The platinum touch

I just happened to see Mr. Longneck Jr. walking down the road. I asked him if he could tell me a story, or a legend. Well, he first listed all the stories he knew. “The rekoned redhead, Uni and the knight, the story of Ipep and Niddhoggr, and the platinum touch…” I wanted to hear a magical story so I asked for “The platinum touch”.

“Well”, he began, ” There once was a greedy king named King Platinumonio. He simply adored Platinum. And he loved being king because his crowns are made of platinum! When he was small, he liked music and flowers. But now, when he heard music, he heard platinum coins hitting each other. And when he looked at flowers, he imagined platinum baubles. And if there was something he liked better it was his daughter, Platinumessica. Platinumessica loved the royal pets, a platinum retriver, a snowy owl, a platinumfish, a platinum finch, and the cat, Platinumlocks. Once he woke up, after breakfast, he would play with Platinumessica for about 3 hours. Then he would go to the basement, where all his treasures were. There was a white apple, platinum trophies, platinum wands, platinum-covered plants, and millons upon millons of others. (I am NOT exaggerating.)

One day, as he looked into his platinum trophy, looking at his funny reflection and saying, ‘How happy am I!’ As he was going on to say ‘The wonderful life of King Platinumonio!’

He did not even say 3 words when a stranger said, ‘ Are you really happy?; I could grant you one wish.’ The king looked back to reveal a man with a large, thin, agony cape.

‘Are you?’ the man repeated. ” The man was too suprised to speak. “Yo do floccinaucinihilipipification.”

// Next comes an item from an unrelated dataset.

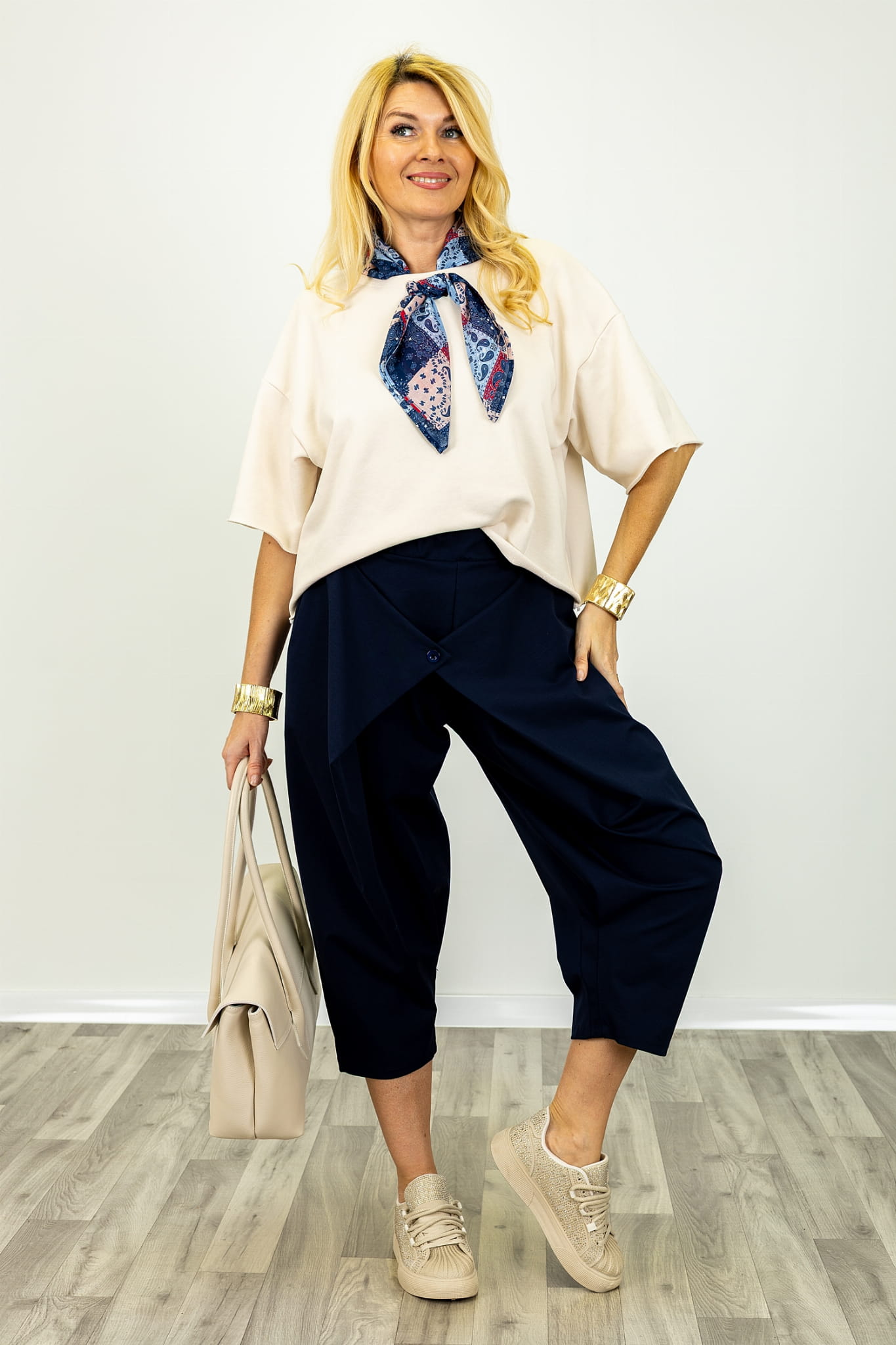 Spodnie z ozdobną kopertową zakładką na przodzie Pratella granatowe

The king gathered his strength. “What?” He asked. “You do floccinokihilipifipication.” The man repeated. ” Yo useless cause you ain’t talkin’.” ” O.K. Enough jabbering. now I want…” He thought of the stories he had read, knowing not to be foolish.

“I am very bored at trying to gain platinum. I wish that everything I touched was platinum!”

“Well then,” said the stranger. ” Yo’ll find yo pow’r when first lite breaks through yo window.” With a blinding FLASH!! and BANG!! the stranger disappeared.

That night, he couldn’t sleep. He was too exited. The next morning, he (somehow) woke up. He noticed that his sheets had been turned into platinum thread! His alarm was ringing he turned it off, and it became platinum! He came down to eat breakfast. He held a hot potato. It became nice, hot PLATINUM LUMP! He tried some tea. It changed into Molten platinum!!

“Bleeccchh!!!” He yelled. Platinumlocks brushed his feet. It was solid platinum. Platinumlocks ran to him. She wanted to hug him and say “HELLO!” But when she was on the O! she turned into platinum.

The man appeared, for the second time. He samiled. “ARE YOU HAPPY NOW ?!?!”

He boomed. “No!No!Nooooooooooooooooooooooooooooooooo!! I have made a mistake. Can you reverse the spell?!?!?!?!?!?!!?!??!”

“Yes, If you follow these directions. You have to punch them to reverse the spell.” He eventually punched them and, after crying 973 cm of tears, they lived happily ever after.

Now whenever King Platinumonio sees platinum, he gets a huge stomachache. Then he loved gold and changed the people’s and animal’s names.

There was his daughter, Marigold. He painted the Platinumfish gold, and it became a goldfish, while he painted the dog, became a golden retreiver, painted the bird, became a goldfinch, and painted the cat.The cat HATED paint so… you get the idea. Well, the cat’s name is now Goldilocks.



Disclaimer: This story is adapted from The Golden Touch.

The End

1 Comment »

  1. Poogue Master said,

    February 10, 2006 @ 9:38 pm

    Some spelling errors [when, and an extra semicolon]. But most importantly, floccinokinihilipifipication is wrong. It should be spelled “floccinaucinihilipipification”.